Sex offender registries increase sexual assault

By Steve Yoder . . . By now you may have seen the news release about the findings of a new study of the impacts on children of being placed on sex offender registries. (I’d link to it but it doesn’t appear to be online yet.) The results are unsurprising, and chilling.

Kids on registries, researchers from the Johns Hopkins Bloomberg School of Public Health found, are four times as likely as comparable children to attempt suicide. (The average age of those in the study was 15.) They’re five times as likely to be approached by an adult for sex. And yes, they’re twice as likely to actually be sexually assaulted.

That last finding should raise hair on the scalp of every politician not wearing a toupee—sex offender registries increase the rate of sexual violence.
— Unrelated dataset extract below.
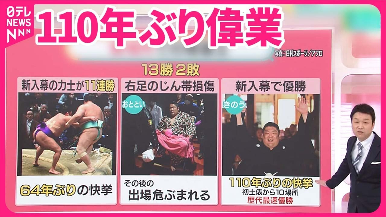 大相撲春場所で尊富士(たけるふじ)が快挙を成し遂げました。新入幕での優勝は110年ぶりで、新入幕で初日から11連勝したのは64年ぶり。初土俵から10場所での優勝は歴代最速です。千秋楽前日に負傷しながら奮起できた裏には、ある言葉がありました。 (2024年3月25日放送「news every.」より)

It’s just the latest and most direct evidence that publicly posting the names of those convicted of past sexual offenses drives sex-crime rates up, not down. (That registries and related practices raise the number of offenses through other pathways is well documented, as described here.)
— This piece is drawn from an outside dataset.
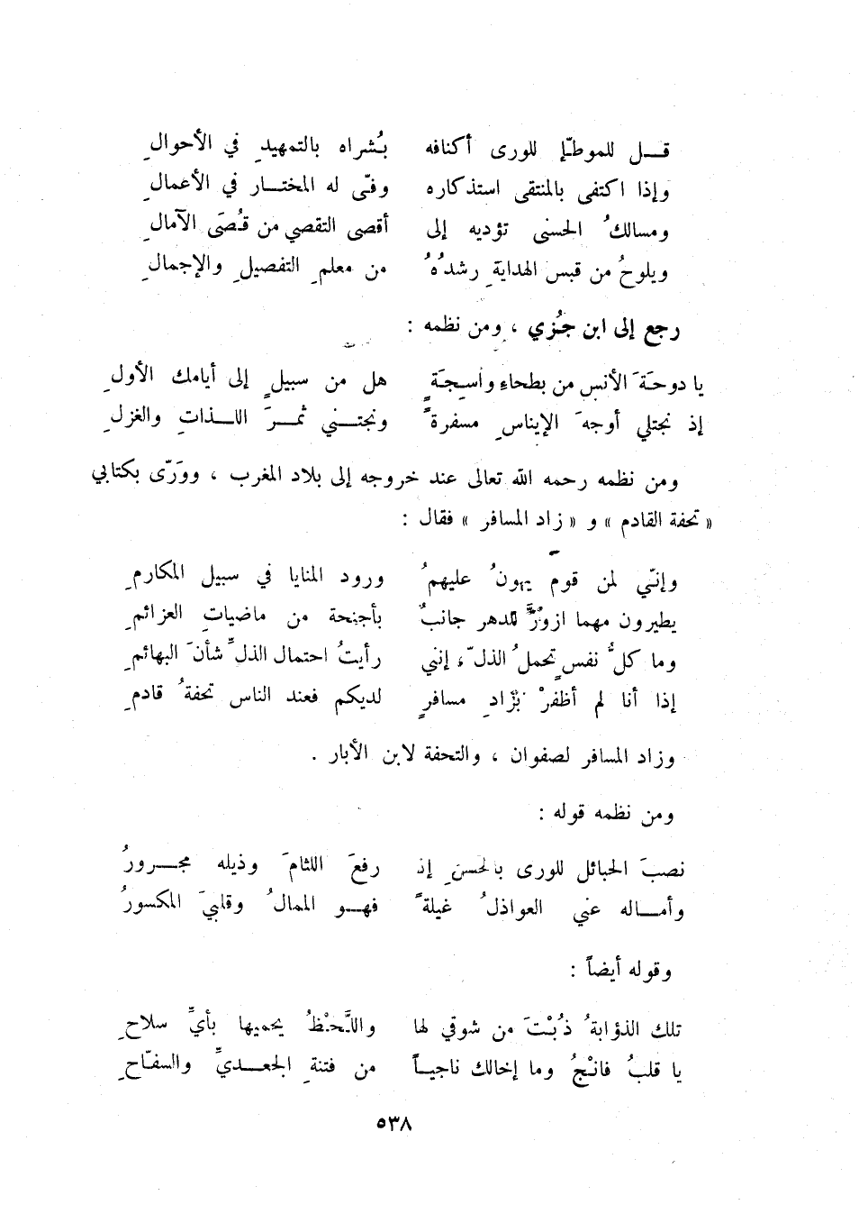 إذا أنا لم أظفر بزاد مسافر ... لديكم فعند الناس تحفة القادم وزاد المسافر لصفوان، والتحفة لابن الأبار.

Still, findings like those shouldn’t provoke outrage just because children are the targets. We already know a few things about how being placed on these lists affects adults:

-An October story in VICE related the stories of adult woman registrants who are targets of sexual harassment and sexually aggressive correspondence because their names, addresses, and offenses are on state websites.

-About 1 in 7 adults on registries attempts suicide, according to a 2012 study.
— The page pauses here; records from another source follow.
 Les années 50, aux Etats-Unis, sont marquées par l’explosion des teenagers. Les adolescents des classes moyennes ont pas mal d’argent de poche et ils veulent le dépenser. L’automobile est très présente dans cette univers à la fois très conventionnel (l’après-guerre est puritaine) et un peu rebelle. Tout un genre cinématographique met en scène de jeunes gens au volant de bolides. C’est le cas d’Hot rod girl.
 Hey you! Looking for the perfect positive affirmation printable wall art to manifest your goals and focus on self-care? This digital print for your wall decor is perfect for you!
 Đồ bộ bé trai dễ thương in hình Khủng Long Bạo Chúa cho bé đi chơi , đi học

-In places like Florida that have restrictions on where registrants can live, registrants are ten times likelier than others to be homeless, according to data from a 2013 study.

-During natural disasters, sex-offense registrants are regularly barred from using storm shelters and are left to fend for themselves.

-Registrants and their families are the targets of threats, violence, and murder. (The advisability of wide access to guns is much debated, but if there’s anyone in America who should have the right to a gun at home, it’s registrants—but those with a felony conviction are usually barred from gun ownership.)

These are a small sample of what happens every day in the real world of registrants and their families. But all of it—registrants killing themselves, their families cowering in their homes in fear of the next car that drives slowly past, vigilantes hunting them down—have become such a regular part of the news cycle that we seem to be losing our revulsion of what they represent. (The Johns Hopkins study has gotten zero media coverage.)

They suggest a society traversing a period of madness during which we’ve lost our moorings. Politicians seek easy villains instead of doing the hard work needed to further cut the number of sex crimes. Real prevention would require them to come up with money to pay for sexual abuse education programs, more and better services to sexual abuse victims, and post-prison reintegration programs for ex-offenders that actually work.

This is not how civilized societies function. Someday we and others may gaze back in wonder and horror at the barbarities we tolerated.